Instructions to follow: Print all of the data below exactly as it appears, leaving out every image.

[Stored items from a collection]
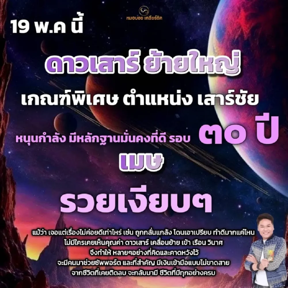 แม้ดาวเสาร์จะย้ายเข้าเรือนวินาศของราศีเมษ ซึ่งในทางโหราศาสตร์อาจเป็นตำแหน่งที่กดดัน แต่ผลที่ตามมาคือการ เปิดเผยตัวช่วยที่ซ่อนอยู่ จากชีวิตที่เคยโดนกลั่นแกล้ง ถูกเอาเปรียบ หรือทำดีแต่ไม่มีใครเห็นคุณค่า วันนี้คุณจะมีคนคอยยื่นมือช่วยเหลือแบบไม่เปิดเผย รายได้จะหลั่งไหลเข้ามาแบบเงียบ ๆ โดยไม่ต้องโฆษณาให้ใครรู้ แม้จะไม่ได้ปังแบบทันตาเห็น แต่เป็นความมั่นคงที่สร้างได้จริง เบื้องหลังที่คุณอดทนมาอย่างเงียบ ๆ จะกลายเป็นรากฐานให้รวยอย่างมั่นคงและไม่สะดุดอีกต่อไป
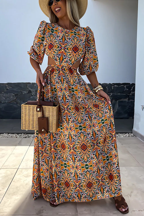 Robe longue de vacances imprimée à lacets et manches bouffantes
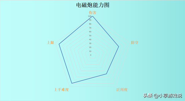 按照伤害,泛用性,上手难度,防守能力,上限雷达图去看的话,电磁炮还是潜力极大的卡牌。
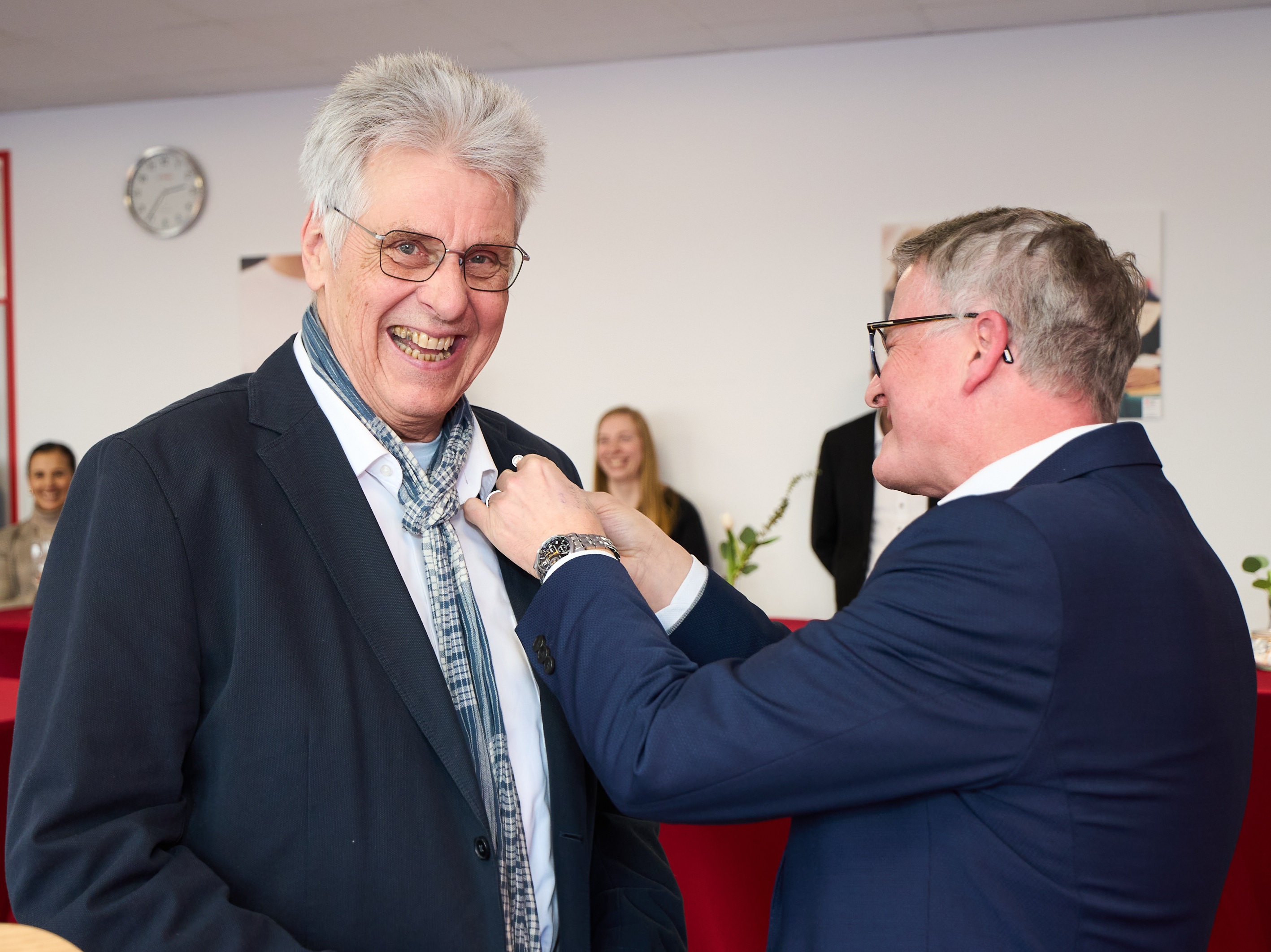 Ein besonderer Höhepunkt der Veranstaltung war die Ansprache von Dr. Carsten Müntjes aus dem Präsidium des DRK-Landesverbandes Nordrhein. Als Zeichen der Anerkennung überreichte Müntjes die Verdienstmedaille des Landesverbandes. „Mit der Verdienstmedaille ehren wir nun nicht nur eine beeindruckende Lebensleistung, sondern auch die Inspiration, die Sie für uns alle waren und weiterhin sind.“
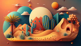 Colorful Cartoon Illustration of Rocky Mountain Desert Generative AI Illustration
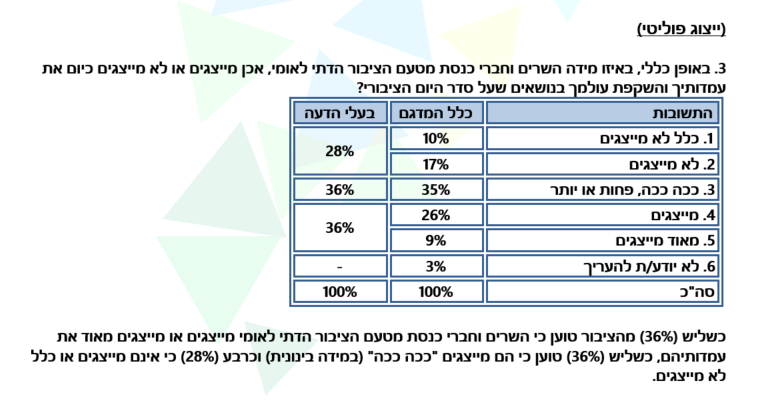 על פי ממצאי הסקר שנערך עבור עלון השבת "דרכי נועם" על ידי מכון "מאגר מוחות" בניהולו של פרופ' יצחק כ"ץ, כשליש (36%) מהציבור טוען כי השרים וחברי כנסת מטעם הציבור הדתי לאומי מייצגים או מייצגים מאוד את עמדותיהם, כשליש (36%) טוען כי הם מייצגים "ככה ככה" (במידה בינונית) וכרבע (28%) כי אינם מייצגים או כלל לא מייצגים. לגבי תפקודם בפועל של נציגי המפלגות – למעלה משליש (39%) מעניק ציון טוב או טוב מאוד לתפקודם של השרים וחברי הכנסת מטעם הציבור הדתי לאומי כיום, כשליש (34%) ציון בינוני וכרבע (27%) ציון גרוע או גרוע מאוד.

Written response:
 แม้ดาวเสาร์จะย้ายเข้าเรือนวินาศของราศีเมษ ซึ่งในทางโหราศาสตร์อาจเป็นตำแหน่งที่กดดัน แต่ผลที่ตามมาคือการ เปิดเผยตัวช่วยที่ซ่อนอยู่ จากชีวิตที่เคยโดนกลั่นแกล้ง ถูกเอาเปรียบ หรือทำดีแต่ไม่มีใครเห็นคุณค่า วันนี้คุณจะมีคนคอยยื่นมือช่วยเหลือแบบไม่เปิดเผย รายได้จะหลั่งไหลเข้ามาแบบเงียบ ๆ โดยไม่ต้องโฆษณาให้ใครรู้ แม้จะไม่ได้ปังแบบทันตาเห็น แต่เป็นความมั่นคงที่สร้างได้จริง เบื้องหลังที่คุณอดทนมาอย่างเงียบ ๆ จะกลายเป็นรากฐานให้รวยอย่างมั่นคงและไม่สะดุดอีกต่อไป
 Robe longue de vacances imprimée à lacets et manches bouffantes
 按照伤害,泛用性,上手难度,防守能力,上限雷达图去看的话,电磁炮还是潜力极大的卡牌。
 Ein besonderer Höhepunkt der Veranstaltung war die Ansprache von Dr. Carsten Müntjes aus dem Präsidium des DRK-Landesverbandes Nordrhein. Als Zeichen der Anerkennung überreichte Müntjes die Verdienstmedaille des Landesverbandes. „Mit der Verdienstmedaille ehren wir nun nicht nur eine beeindruckende Lebensleistung, sondern auch die Inspiration, die Sie für uns alle waren und weiterhin sind.“
 Colorful Cartoon Illustration of Rocky Mountain Desert Generative AI Illustration
 על פי ממצאי הסקר שנערך עבור עלון השבת "דרכי נועם" על ידי מכון "מאגר מוחות" בניהולו של פרופ' יצחק כ"ץ, כשליש (36%) מהציבור טוען כי השרים וחברי כנסת מטעם הציבור הדתי לאומי מייצגים או מייצגים מאוד את עמדותיהם, כשליש (36%) טוען כי הם מייצגים "ככה ככה" (במידה בינונית) וכרבע (28%) כי אינם מייצגים או כלל לא מייצגים. לגבי תפקודם בפועל של נציגי המפלגות – למעלה משליש (39%) מעניק ציון טוב או טוב מאוד לתפקודם של השרים וחברי הכנסת מטעם הציבור הדתי לאומי כיום, כשליש (34%) ציון בינוני וכרבע (27%) ציון גרוע או גרוע מאוד.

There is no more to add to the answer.